Where the records contain images, omit them, and repeat everything else word for word.

PROVIDED RECORDS Block Start

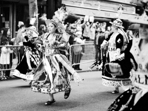 第七届纽约舞蹈大游行当天在曼哈顿举行,200多个舞蹈团体在细雨中展示了约80种来自各种文化的不同风格的舞蹈。新华社记者 牛晓雷 摄
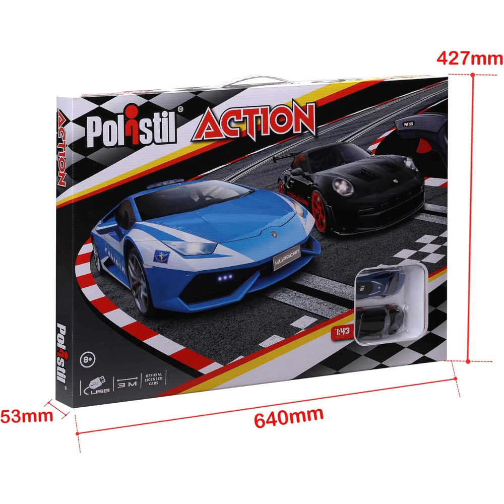 POLISTIL CHAMPION - Pista Elettrica con 2 Slot Car da Corsa in Scala POLIZIA 1:43
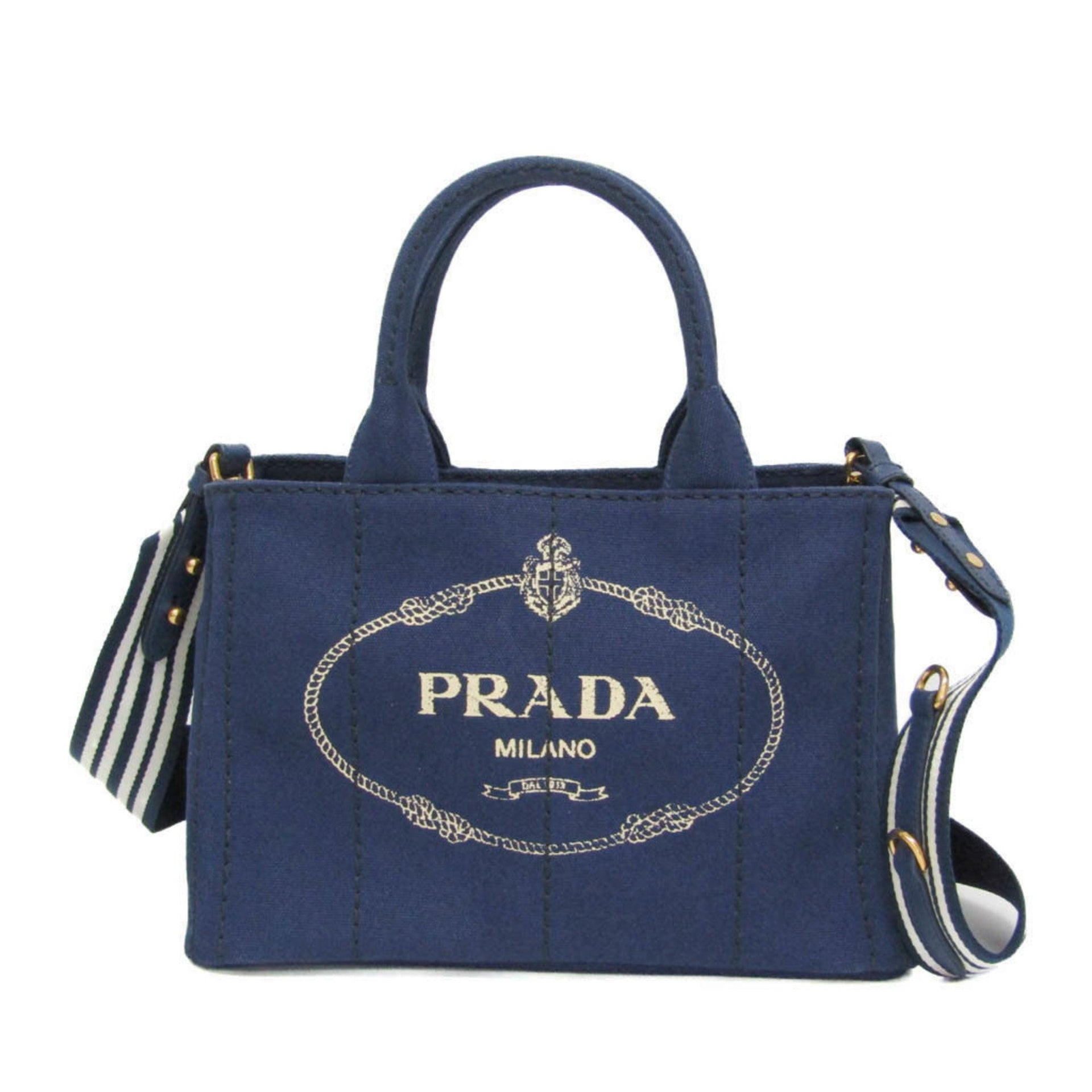 Prada Canapa S Size 1BG439 Women\'s Canvas Shoulder Bag,Tote Bag Blue
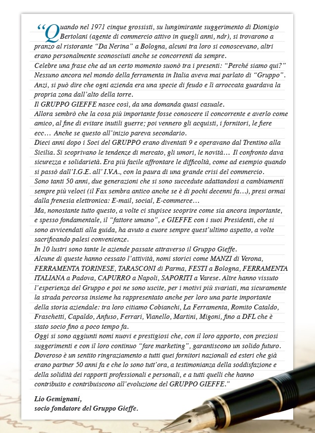 E proprio da uno dei soci fondatori, Lio Gemignani, titolare del grossista veneto Fabrizio Ovidio, riceviamo e pubblichiamo con estremo piacere un testo in cui si racconta, con dovizia di particolari e di aneddoti, la storia della nascita del gruppo Gieffe e la sua evoluzione fino a oggi.
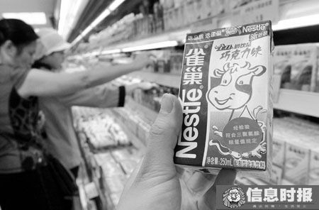 在家樂福超市萬國(guó)廣場(chǎng)店,記者看到光明純牛奶250毫升裝悄然回歸賣場(chǎng);在吉之島超市天河城店,記者看到,昨日還未貼上綠簽的雀巢巧克力味和草莓味的配制型含乳飲料,昨日悄然換新裝。其生產(chǎn)日期標(biāo)注為“2008年6月6日”,早于9月14日這一“分水嶺”。同時(shí),記者在7-11便利店天河南店也看到了雀巢這兩款配制型含乳飲料重新擺上貨架售賣。
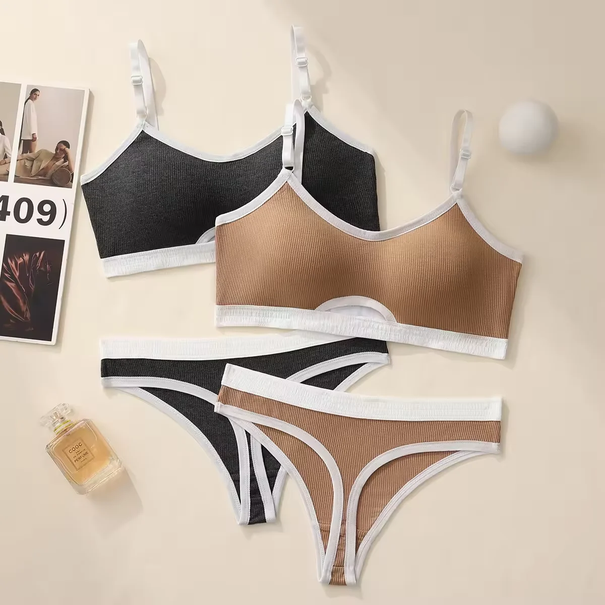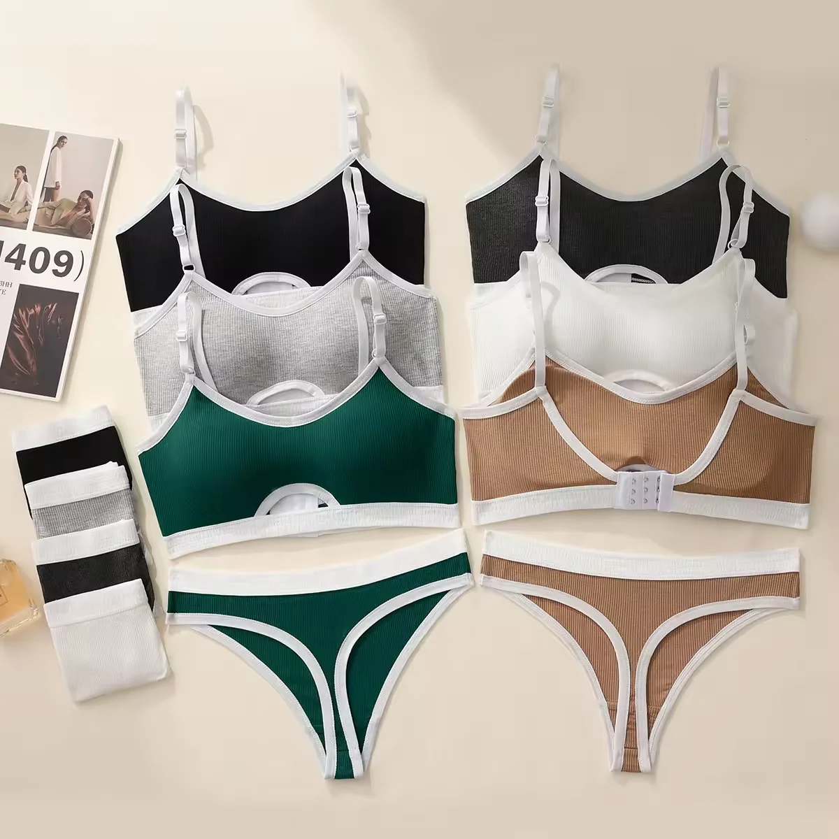 Factory wholesale cotton U-back anti-seismic sports bra set with adjustable back buckle and shoulder strap sexy thong.

PROVIDED RECORDS Block End

### RESPONSE TO THIS EXERCISE
 第七届纽约舞蹈大游行当天在曼哈顿举行,200多个舞蹈团体在细雨中展示了约80种来自各种文化的不同风格的舞蹈。新华社记者 牛晓雷 摄
 POLISTIL CHAMPION - Pista Elettrica con 2 Slot Car da Corsa in Scala POLIZIA 1:43
 Prada Canapa S Size 1BG439 Women\'s Canvas Shoulder Bag,Tote Bag Blue
 E proprio da uno dei soci fondatori, Lio Gemignani, titolare del grossista veneto Fabrizio Ovidio, riceviamo e pubblichiamo con estremo piacere un testo in cui si racconta, con dovizia di particolari e di aneddoti, la storia della nascita del gruppo Gieffe e la sua evoluzione fino a oggi.
 在家樂福超市萬國(guó)廣場(chǎng)店,記者看到光明純牛奶250毫升裝悄然回歸賣場(chǎng);在吉之島超市天河城店,記者看到,昨日還未貼上綠簽的雀巢巧克力味和草莓味的配制型含乳飲料,昨日悄然換新裝。其生產(chǎn)日期標(biāo)注為“2008年6月6日”,早于9月14日這一“分水嶺”。同時(shí),記者在7-11便利店天河南店也看到了雀巢這兩款配制型含乳飲料重新擺上貨架售賣。
 Factory wholesale cotton U-back anti-seismic sports bra set with adjustable back buckle and shoulder strap sexy thong.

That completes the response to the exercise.